Kadınlar sağlık ve bakıma yöneliyor

Kadınlar istihdamda yer alamayınca, bu, tercih ettikleri alanların değişmesine de yol açıyor. OECD ülkelerinde de böyle bir trend var ama bu trend minör ölçekte ilerliyor. Türkiye’deki alan değişimi, OECD ülkelerine kıyasla çok daha dramatik oranlarda seyrediyor. Türkiye’de eğitim alanını tercih eden kadınlarda 2015’ten 2022’ye yüzde 4.8’lik bir azalma var. Sağlık ve bakım hizmetlerine rağbet ise yüzde 13.4 oranında artmış. OECD ülkelerinde ise eğitim alanında tercihler sadece yüzde 0.5 azalmış. Sağlık ve bakım hizmetleri de yüzde 2 daha fazla rağbet görmüş. 

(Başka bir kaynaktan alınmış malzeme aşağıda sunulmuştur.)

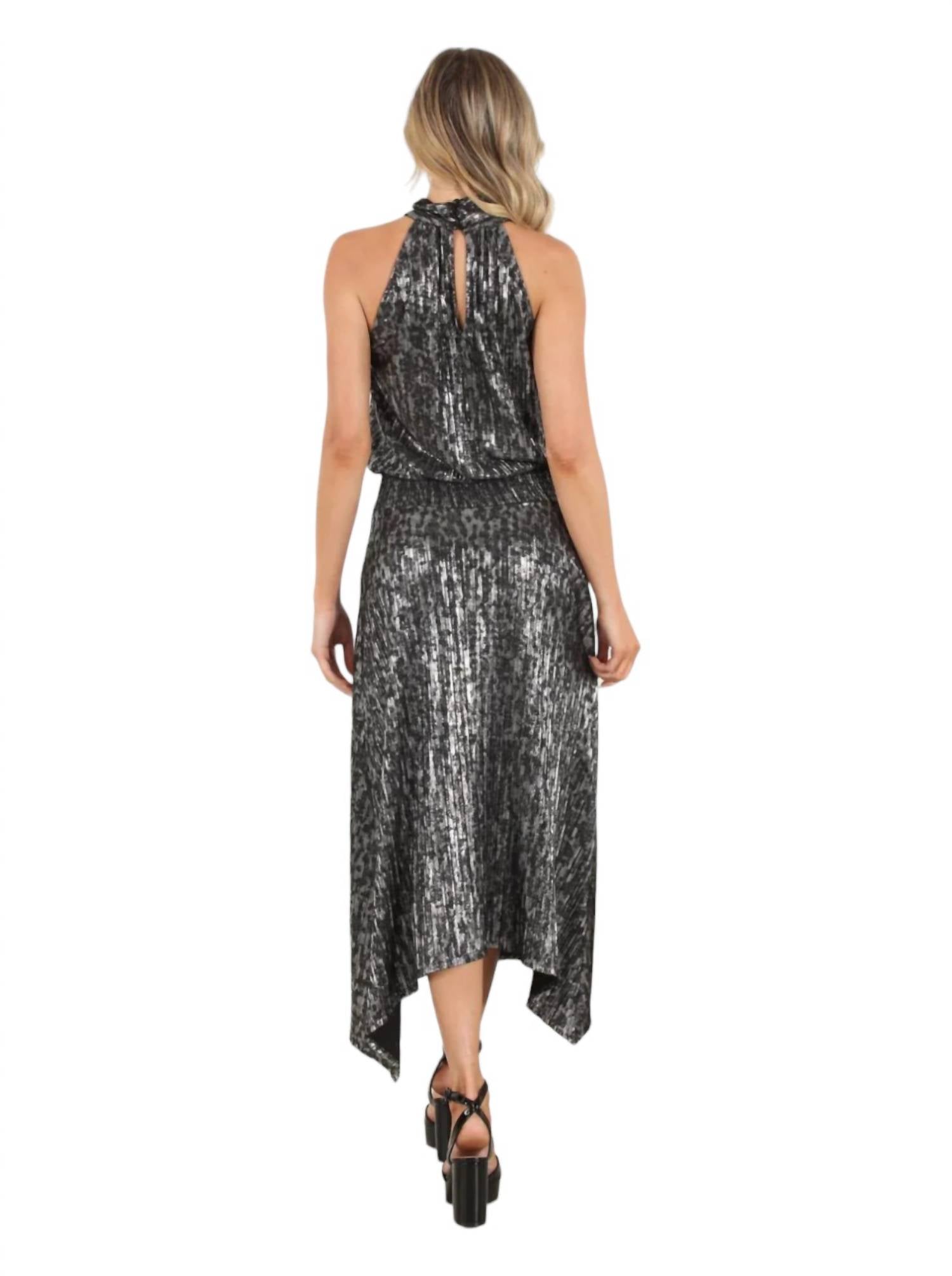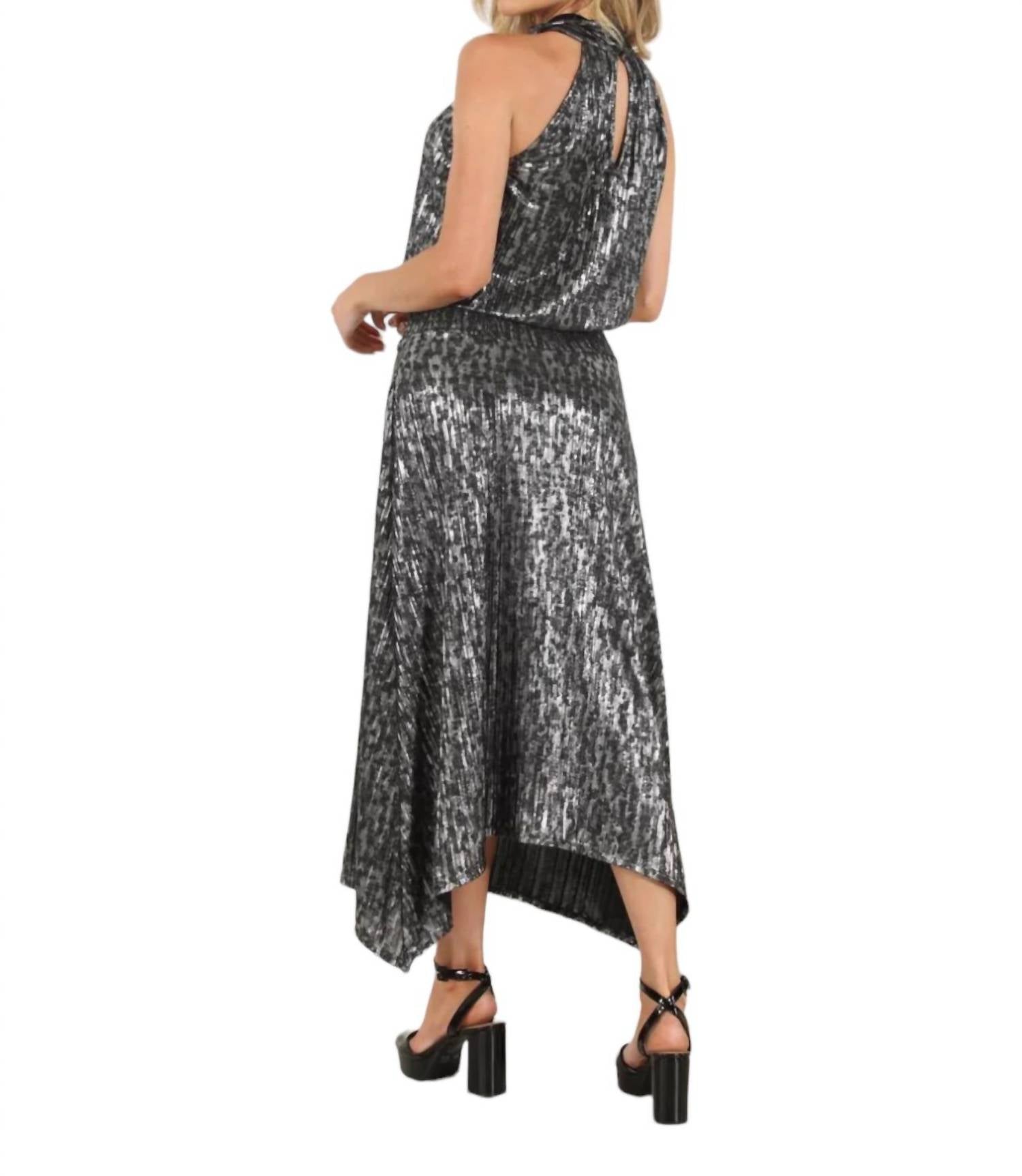 Без рукавов, с завязками на шее и высоким вырезом. Затянутая талия. Ткань имеет металлический блеск, кажется, в черно-серебристой цветовой палитре. Юбочная часть платья асимметрична, она короче спереди и постепенно удлиняется к спине, что создает эффект высокой-низкой линии подола. 96% полиэстер 4% спандекс.

3-5 yaşta en düşük  okullaşma oranı

Türkiye’deki eğitim, temelden itibaren OECD ülkelerinin ardında kalıyor. 3-5 yaş aralığında OECD ülkeleri arasında en düşük okullaşma oranına sahip ülke Türkiye. Ülkede bu yaş grubundaki çocuklarda okullaşma oranı yüzde 47.9’ken OECD ortalaması, ülkelerin tümünde zorunlu olmamasına rağmen yüzde 82.5. 6-14 yaş aralığında eğitime katılım zorunlu eğitim sayesinde yüzde 98.8’le OECD ortalamasının (yüzde 98.4) üstüne çıksa da, aynı trend 15-19 yaş aralığında sağlanamıyor. OECD ülkelerinde 15-19 yaş aralığında okullaşma oranı yüzde 84.1’e düşüyor, Türkiye’de ise daha keskin bir düşüşle bu oran yüzde 72.5 oluyor.

Öğrenci başına yapılan eğitim harcaması (dolar)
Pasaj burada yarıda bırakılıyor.